┌──
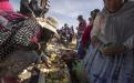 Luego de horas de caminata, los participantes fueron recibidos por las mujeres de los diversos sectores de la Comunidad Campesina de Chucasuyo Ccajje con una gran fiambrada tradicional con diversos productos que representaban la biodiversidad de la zona. Antes de proseguir con la caminata se presentó una zampoñada tradicional acompañada de la danza de Siko Moreno, el Carnaval de Tambillo y los Choquelas, esta última, según los comuneros, es una danza de origen pre-inca. Terminado este descanso, los participantes, peruanos y bolivianos, recobraron fuerzas mediante cánticos y arengas en lengua aimara para proseguir hasta el siguiente punto.
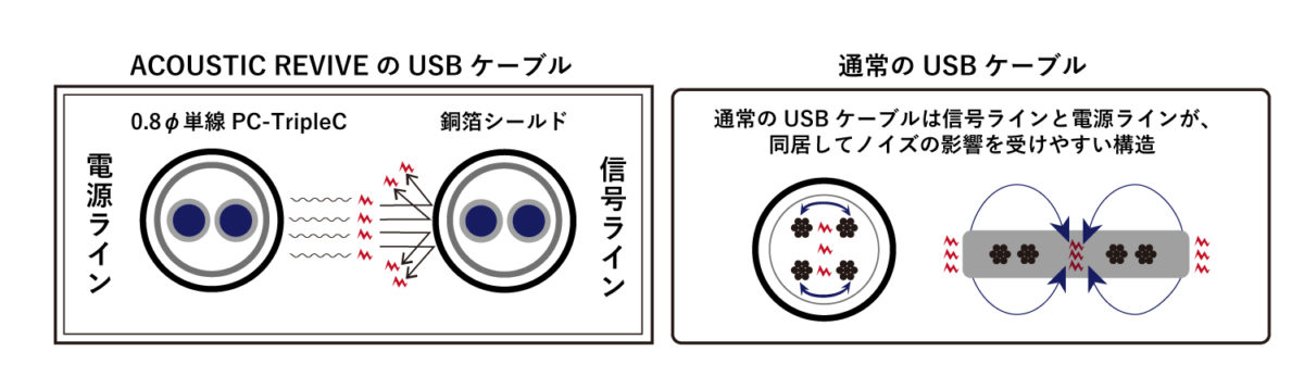 オーディオケーブルメーカーが販売しているUSBケーブルの中には、信号ラインと電源ラインを分離し、信号ラインのみシールドを施した製品もありますが、1本のケーブル内ではぞれぞれのラインが極めて接近しているため、そのシールド効果には限界があるのです。
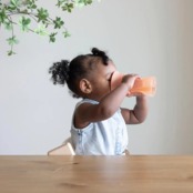 - Форма чашки дозволяє напою стікати до краю, якщо чашку тримати горизонтально. Це гарантує, що вашій дитині не доведеться згинати шию назад.
└──
### Task prompt
Retype, word for word, only the line holding "オーディオケーブルメーカーが" and the lines after it through the final line of the listing above, and leave every picture out.

### Your solution
 オーディオケーブルメーカーが販売しているUSBケーブルの中には、信号ラインと電源ラインを分離し、信号ラインのみシールドを施した製品もありますが、1本のケーブル内ではぞれぞれのラインが極めて接近しているため、そのシールド効果には限界があるのです。
 - Форма чашки дозволяє напою стікати до краю, якщо чашку тримати горизонтально. Це гарантує, що вашій дитині не доведеться згинати шию назад.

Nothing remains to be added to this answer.